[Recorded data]
###

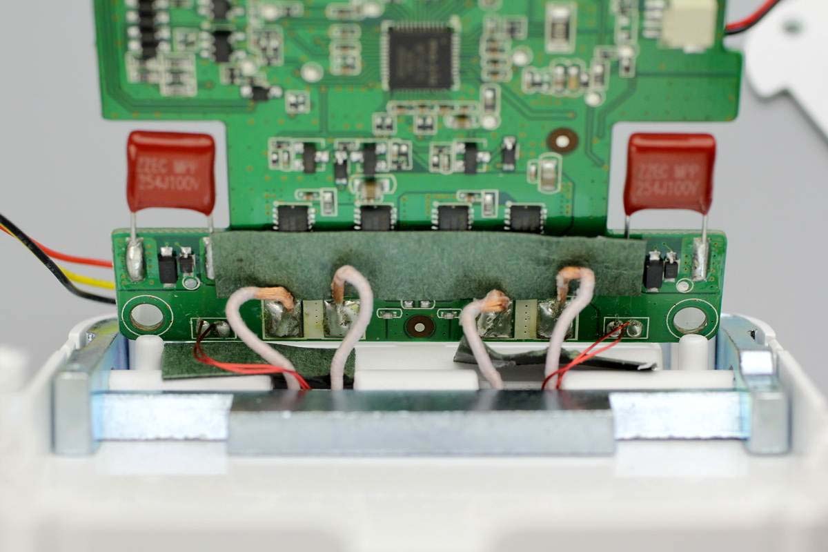 隔离塑料板以及PCB板也是使用两颗螺丝进行固定,PCB板背面没有设元器件,两侧的两颗电容处镂空处理。
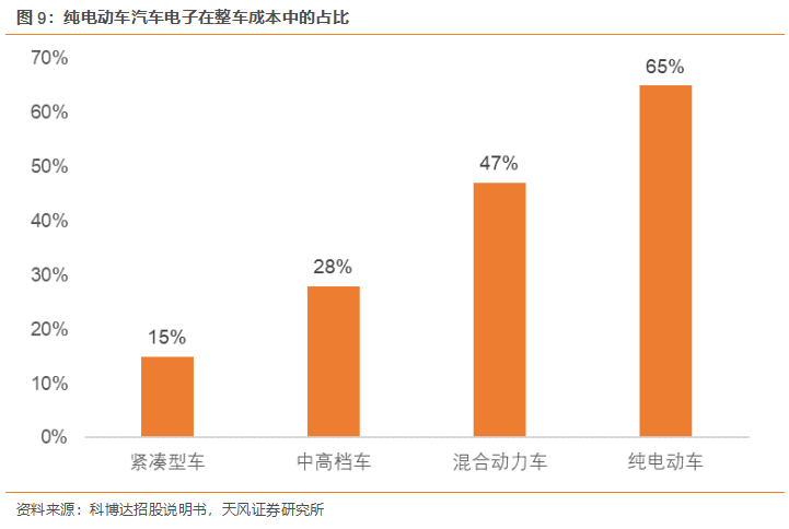新能源汽車新趨勢(shì)帶動(dòng)汽車電子占比進(jìn)一步快速提升。新能源車汽車電子占比更高。汽車電子在整車成本中的占比不盡相同,其中在緊湊型乘用車成本中的占比達(dá)到 15%,中高端乘用車占比達(dá) 28%,混合動(dòng)力乘用車占比達(dá) 47%,純電動(dòng)乘用車占比達(dá) 65%。
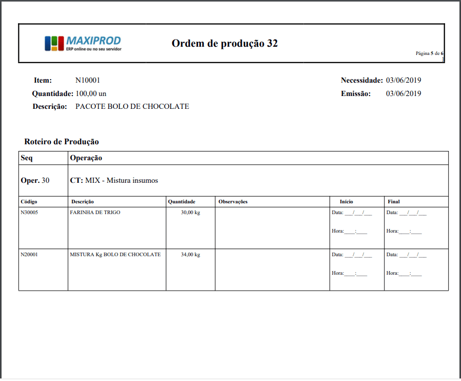 - Disponibilizado na tela de Ordens de produção, novo relatório nomeado “Ordem de produção com separação de insumos por CT”, para a visualização dos insumos da ordem de produção por centro de trabalho. Para saber mais sobre relatórios personalizados, clique aqui.
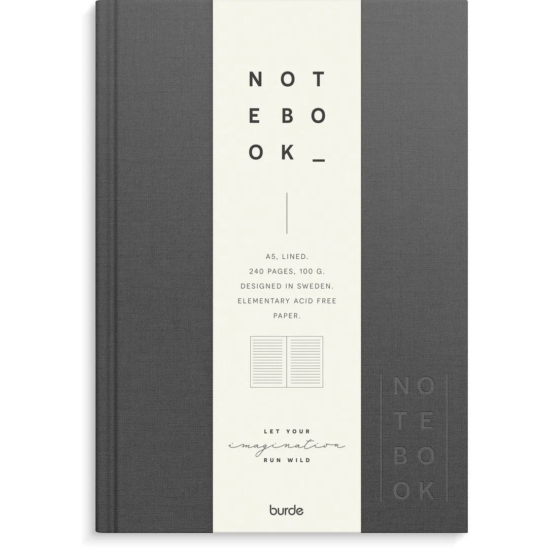 Skrivebok BURDE A5 linjer mørk grå
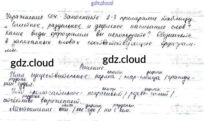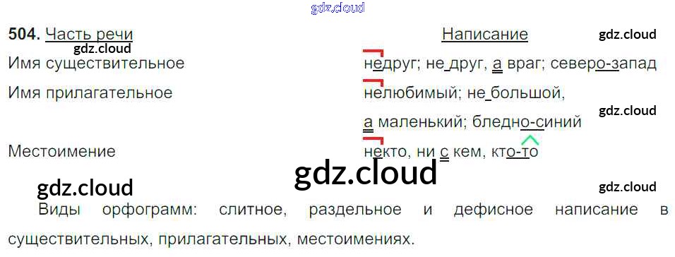 Ответ на задание 504 Учебник Русский язык за 6 (шестой) класс Баранов, Ладыженская, Тростенцова, Григорян, Кулибаба 2015, 2022 Часть 1, 2

###

= PROBLEM TO SOLVE =
Please output all the records above exactly, leaving out every picture.

= OUTPUT BELOW =
 隔离塑料板以及PCB板也是使用两颗螺丝进行固定,PCB板背面没有设元器件,两侧的两颗电容处镂空处理。
新能源汽車新趨勢(shì)帶動(dòng)汽車電子占比進(jìn)一步快速提升。新能源車汽車電子占比更高。汽車電子在整車成本中的占比不盡相同,其中在緊湊型乘用車成本中的占比達(dá)到 15%,中高端乘用車占比達(dá) 28%,混合動(dòng)力乘用車占比達(dá) 47%,純電動(dòng)乘用車占比達(dá) 65%。
 - Disponibilizado na tela de Ordens de produção, novo relatório nomeado “Ordem de produção com separação de insumos por CT”, para a visualização dos insumos da ordem de produção por centro de trabalho. Para saber mais sobre relatórios personalizados, clique aqui.
 Skrivebok BURDE A5 linjer mørk grå
 Ответ на задание 504 Учебник Русский язык за 6 (шестой) класс Баранов, Ладыженская, Тростенцова, Григорян, Кулибаба 2015, 2022 Часть 1, 2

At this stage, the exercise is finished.